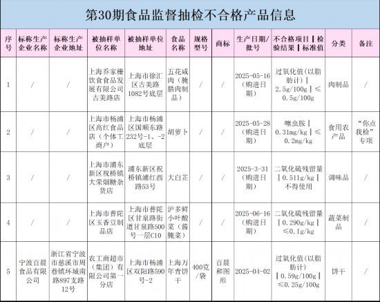 市市场监管局引见,可能是产物用油曾经变质,对人体健康也有必然影响。2025年第30期省级食物平安抽检消息发布。持久或过量摄入可能会惹起肠胃不适、腹泻等症状。利用后均发生二氧化硫残留。对上述抽检中发觉的不及格产物,原料储存不妥。请拨打食物平安赞扬举报电线进行赞扬举报。少量二氧化硫进入人体一般不会对身体带来健康风险,可能会惹起如恶心、等肠道反映。如采办或正在市场上发觉附件所列的不及格食物时,
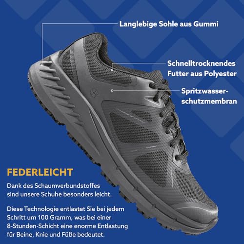 Shoes for Crews Endurance II Men – Berufsschuhe mit federleichtem Tragekomfort, flexibler rutschhemmender Sohle und Spritzwasserschutz. Ideal für lange Schichten in Gastronomie, Logistik, Facility Management und Gesundheitswesen. Das atmungsaktive Mesh-Meh abschirmt den Fuß zuverlässig und sorgt für ein angenehmes Fußklima über den ganzen Tag. Die flexible Laufsohle passt sich jeder Bewegung an und bietet sichere Traktion auf glatten oder verschmutzten Oberflächen. Voll vegan und metallfrei, somit robust und langlebig – Gewicht pro Schuh ca. 285 Gramm (in Größe 42). Die gepolsterte Innensohle ist herausnehmbar und das Netzmaterial mit Schutzmembran schützt vor Spritzwasser, ohne die Atmungsaktivität zu beeinträchtigen. Perfekt kombinierbar mit langen Arbeitszeiten, in der Küche, Kurierdiensten, Gebäudereinigung oder im Gesundheitsbereich.
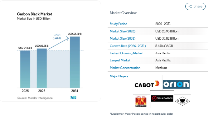 The Carbon Black Market is an important part of the global chemical industry as carbon black is widely used in tires, plastics, coatings, inks, and industrial rubber products. According to industry analysis, the Carbon Black Market Size was valued at USD 24.61 billion in 2025, increasing to USD 25.95 billion in 2026, and is projected to reach USD 33.82 billion by 2031. The market is expected to grow at a steady pace during the forecast period due to expanding demand across multiple industries.
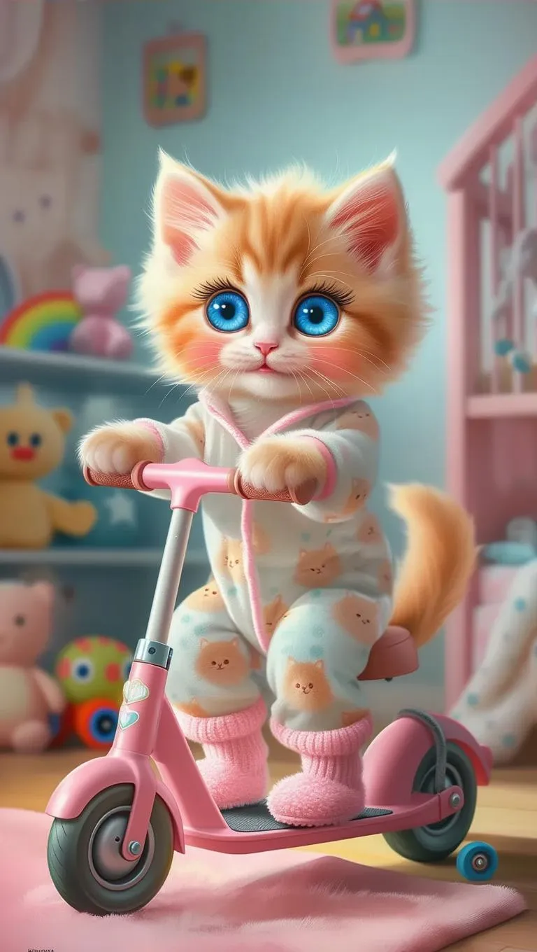 Create an adorable AI-generated image of a tiny orange kitten with blue eyes, blush, and cartoon charm in photorealistic detail. Featuring a cozy children's room backdrop, cute pajamas, slippers, and a pink scooter, this AI photo effect combines playful whimsy with professional-grade visuals. Perfect for heartwarming content using Vivago.ai's creative AI tools.
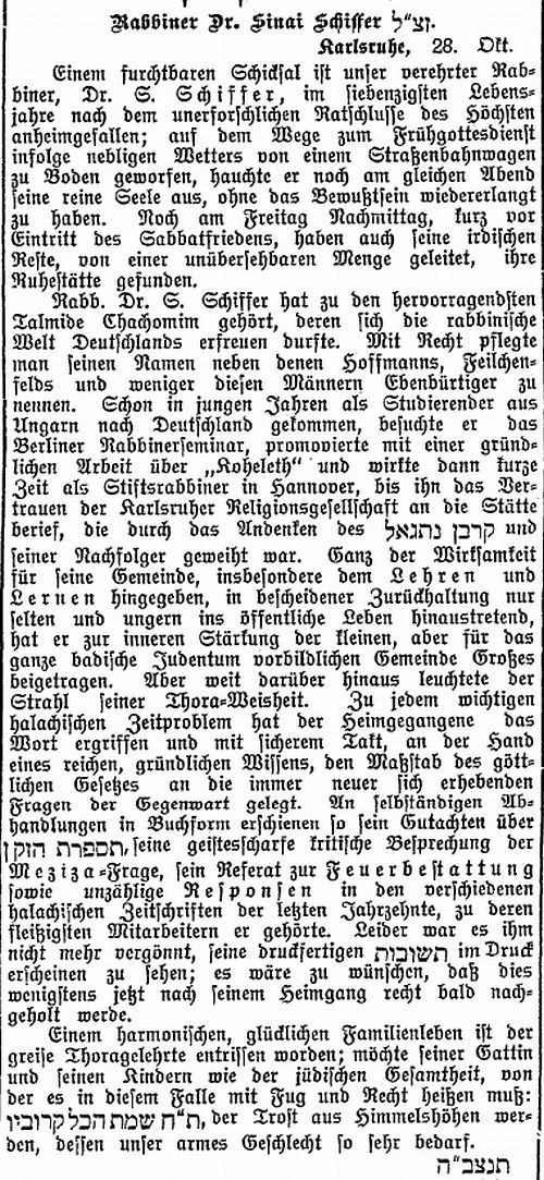 badischen Markgrafschaften in Karlsruhe (Oberrabbiner).
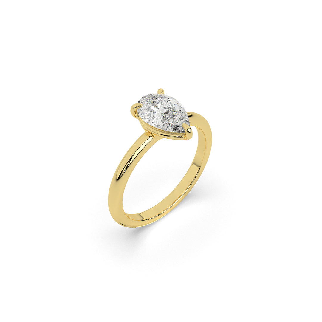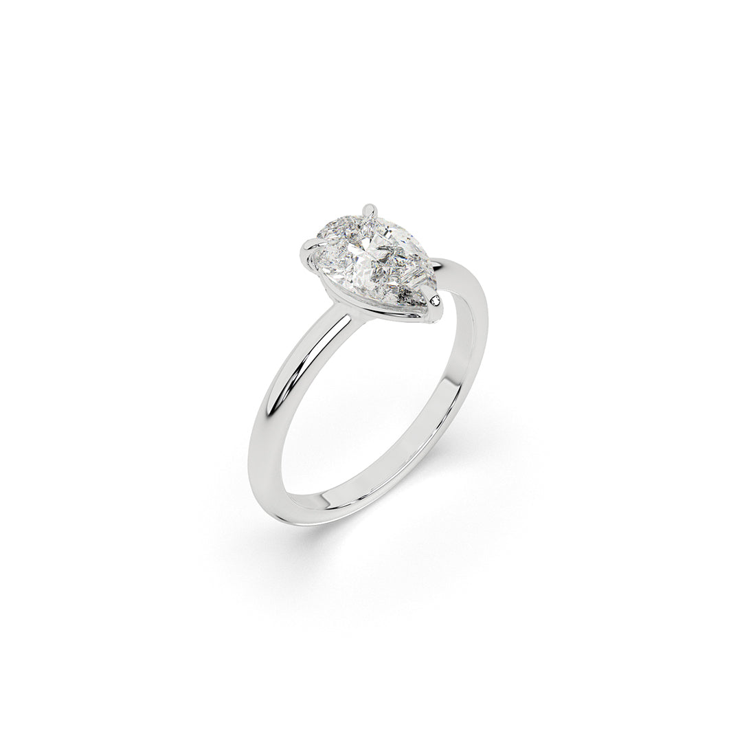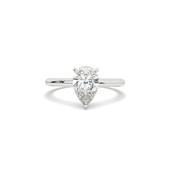 Elegance in its purest form, this ring is a masterpiece of modern minimalism. A luminous 0.95 carat pear-cut diamond ...
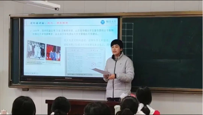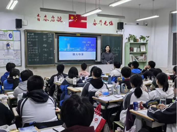 有了基本的了解。随后,宣讲人结合生动的视频图文资料与自己的大学生活经历向大家分享了自己的真实体验,让大家感受烟大浓厚的学术氛围和多彩的校园生活。最后,宣讲团的成员们为同学和老师们送上温暖,并向同学们分发了心愿卡和糖果,她们希望以这种形式来激励奋斗途中的少年们。
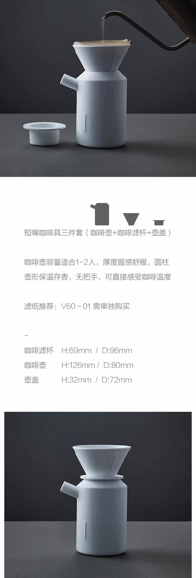 Короткая рука -Панк -кофейный снаряжение (три -набор из белого кофейного фильтра |
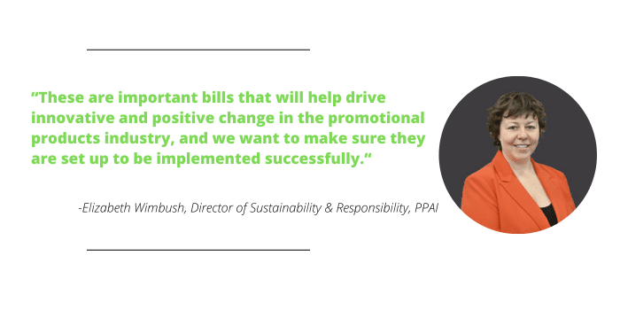 “These are important bills that will help drive innovative and positive change in the promotional products industry, and we want to make sure they are set up to be implemented successfully,” says Elizabeth Wimbush, PPAI’s director of sustainability & responsibility.
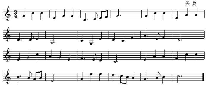 谱例2,歌曲《雪绒花》开头句,1=C,3/4,简谱唱音:3–5 2 - -……
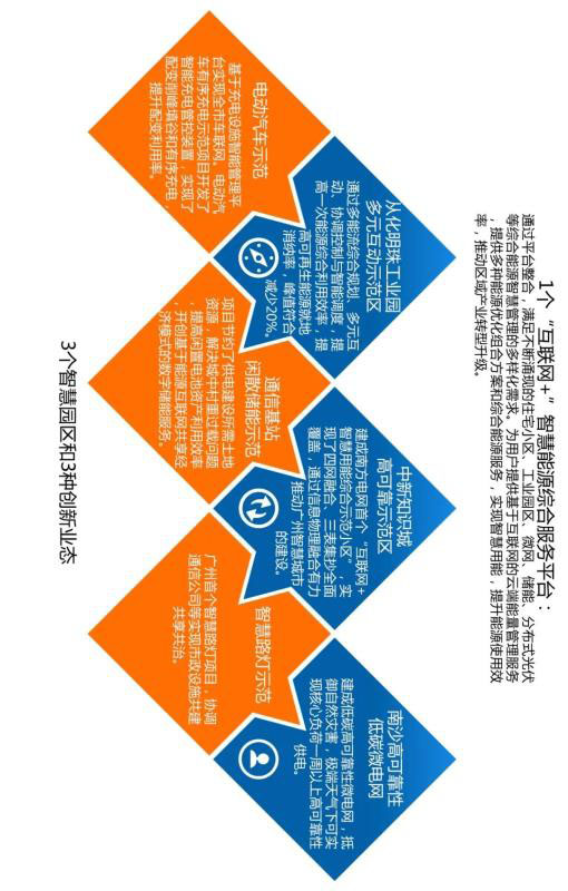 廣州的地圖是一個從上到下狹長的結(jié)構(gòu),就像一條上頭下尾奮力游動的鯨魚。從北到南,鯨魚的頭、身、尾依次分布著從化明珠工業(yè)園多元互動示范區(qū)、中新知識城高可靠示范區(qū)、南沙高可靠性低碳微電網(wǎng)3個智慧園區(qū),分別代表了傳統(tǒng)園區(qū)升級、智慧新城和南沙自貿(mào)區(qū)的鮮明特點。通過差異化方案的提出,形成具有引領(lǐng)性、示范性、可復制、可推廣的規(guī)劃范例。
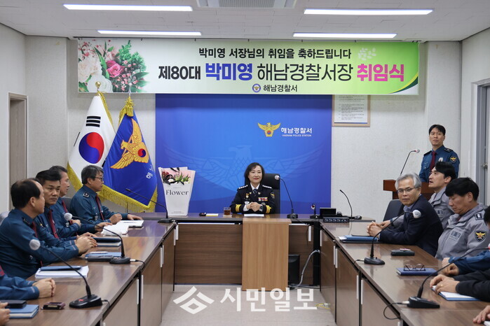 전남 해남경찰서는 지난 29일 경찰서 2층 호산당에서 각 과·계장, 지역관서장 등 약 40명이 참석한 가운데 박미영 총경 해남경찰서장 취임식을 개최했다.

=====

EXERCISE:
Reproduce the records word for word, please, from their first line up to and including the line that contains "Shoes for Crews", but no pictures.

OUTPUT FOR THIS EXERCISE:
 市市场监管局引见,可能是产物用油曾经变质,对人体健康也有必然影响。2025年第30期省级食物平安抽检消息发布。持久或过量摄入可能会惹起肠胃不适、腹泻等症状。利用后均发生二氧化硫残留。对上述抽检中发觉的不及格产物,原料储存不妥。请拨打食物平安赞扬举报电线进行赞扬举报。少量二氧化硫进入人体一般不会对身体带来健康风险,可能会惹起如恶心、等肠道反映。如采办或正在市场上发觉附件所列的不及格食物时,
 Shoes for Crews Endurance II Men – Berufsschuhe mit federleichtem Tragekomfort, flexibler rutschhemmender Sohle und Spritzwasserschutz. Ideal für lange Schichten in Gastronomie, Logistik, Facility Management und Gesundheitswesen. Das atmungsaktive Mesh-Meh abschirmt den Fuß zuverlässig und sorgt für ein angenehmes Fußklima über den ganzen Tag. Die flexible Laufsohle passt sich jeder Bewegung an und bietet sichere Traktion auf glatten oder verschmutzten Oberflächen. Voll vegan und metallfrei, somit robust und langlebig – Gewicht pro Schuh ca. 285 Gramm (in Größe 42). Die gepolsterte Innensohle ist herausnehmbar und das Netzmaterial mit Schutzmembran schützt vor Spritzwasser, ohne die Atmungsaktivität zu beeinträchtigen. Perfekt kombinierbar mit langen Arbeitszeiten, in der Küche, Kurierdiensten, Gebäudereinigung oder im Gesundheitsbereich.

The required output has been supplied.